- Official Film Poster
- Directed by: Mike Ambs; Paul Foyder; Gino Roy; Whitfield Scheidegger; Greg Shewchuk;
- Written by: Mike Ambs; Paul Foyder; Gino Roy; Whitfield Scheidegger; Greg Shewchuk;
- Produced by: Sam DelPilar; Zadi Diaz; Margie Gilmore; Kelly Hirano; Whitfield Scheidegger; Greg Shewchuk; Mark L. Walker; Kristen Woolley; Matt Wyatt;
- Cinematography: Mike Ambs; Whitfield Scheidegger;
- Edited by: Paul Foyder
- Music by: Alfred Montejano
- Animation by: Matthew Manning; Alfonso Estrada;
- Production company: Disney Interactive
- Release date: February 14, 2014 (El Capitan Theatre);
- Running time: 38 minutes
- Country: United States
- Language: English

= Blank: A Vinylmation Love Story =

Blank: A Vinylmation Love Story is a stop-motion short-film by Vinylmation and Disney Interactive. The project was first announced at the 2013 D23 Expo. The film is created by Gino Roy, Paul Foyder, Greg Shewchuk, Mike Ambs, and Whitfield Scheidegger, with original music composed by Alfred Montejano. The film premiered on February 14, 2014 on Google Play. It played as a double-feature with Lady and the Tramp at the El Capitan Theater in LA on Valentine's Day. Disney Interactive later released Cranes in Love online.

== Synopsis ==
In search of his lost soulmate, an unpainted Vinylmation finds himself on a quest that alters the destiny of his entire world. Blank is an epic adventure in miniature scale, a completely original, heartwarming love story filmed entirely in practical stop motion.

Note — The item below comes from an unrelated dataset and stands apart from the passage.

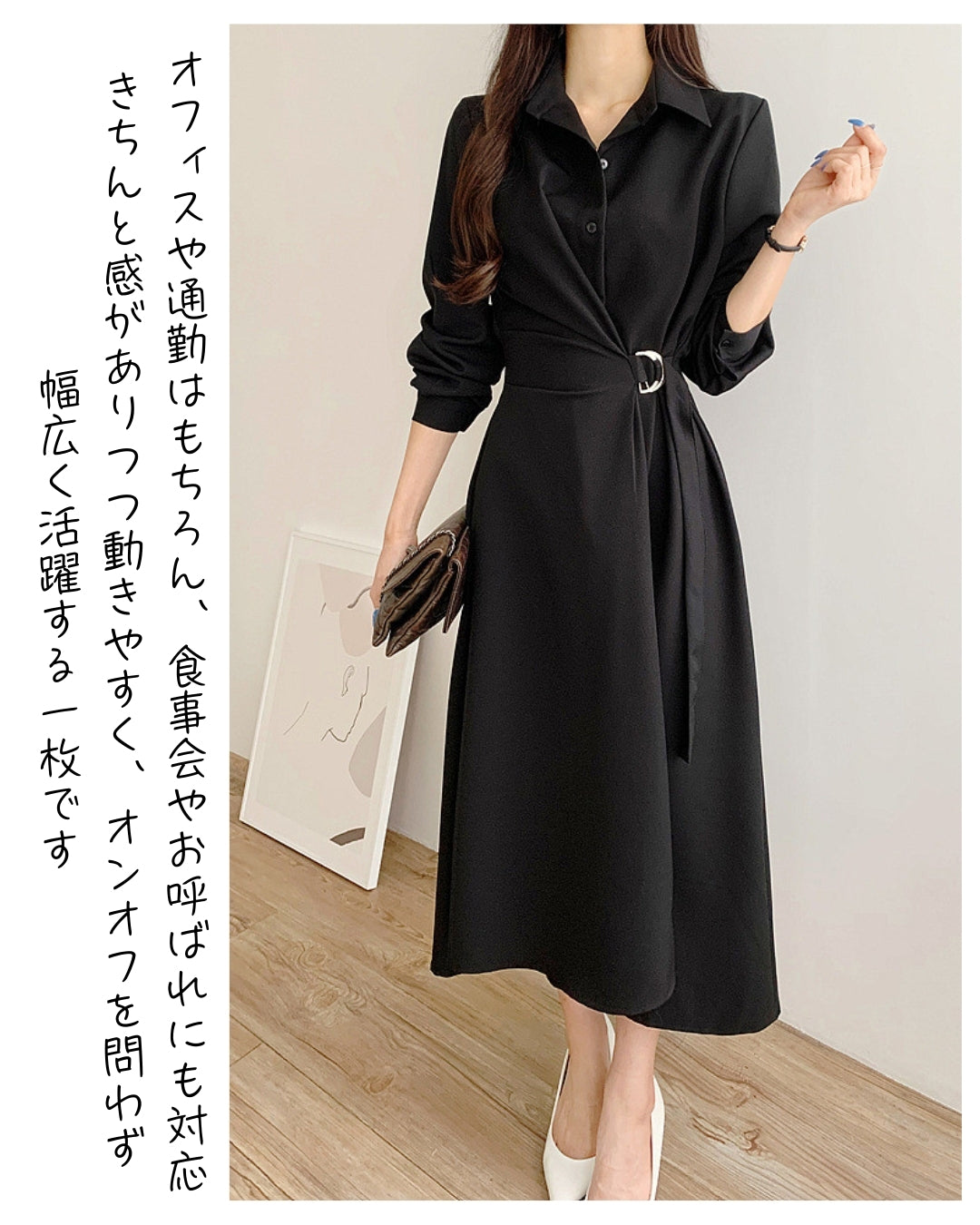 このワンピ、ほんとに“神シルエット”です😍 ウエストのDカンベルトが自然に体のラインを拾ってくれるから、脚長に見えるしスタイルよく見えるのが嬉しい!フォーマルからデイリーまで、どんなシーンもカバーできる万能さはさすが。褒められ率めちゃ高いです💖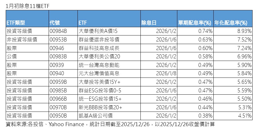 新年首批除息ETF出列!統計明(2026)年1月初將有11檔ETF登場除息,包括8檔債券型ETF、3檔股票型ETF,其中以(00984B)大華優利美A債15年化配息率8.93%最高,而且將在元月2日率先除息,投資人若想要參與收益分配,最後買進機會只剩今(31)天。

== Production and Music ==
Blank: A Vinylmation Love Story had an extremely small production team, made up of five writer/directors, Mike Ambs, Paul Foyder, Regino Roy III, Whitfield Scheidegger, and Greg Shewchuk, with just a few extra crew members. The creation of the sets and props used throughout the film, as well as the writing and directing, was a collaborative effort. All of their work fit into a single small studio space in Burbank, CA, where even the score was produced in-house by composer Alfred Montejano. “At various points in the project, we had one or two animators assisting us, and then depending on the need we would occasionally bring in a gaffer, or an animation and character design technical consultant. It is a remarkably small team to achieve something of this size.” Matt Wyatt, Creative Director, commented.

The process that went into creating Blank: A Vinylmation Love Story, all started in 2012 when the creators put together a short presentation exploring a story they had been tossing around with each other. “From there we started showing that to people. It had so much heart and creativity, and people were really into it, that it became a much bigger venture at that point. From there the creators got together and started brainstorming, and breaking the story into the pieces it would ultimately become: a much more epic adventure and love story.” explained Wyatt.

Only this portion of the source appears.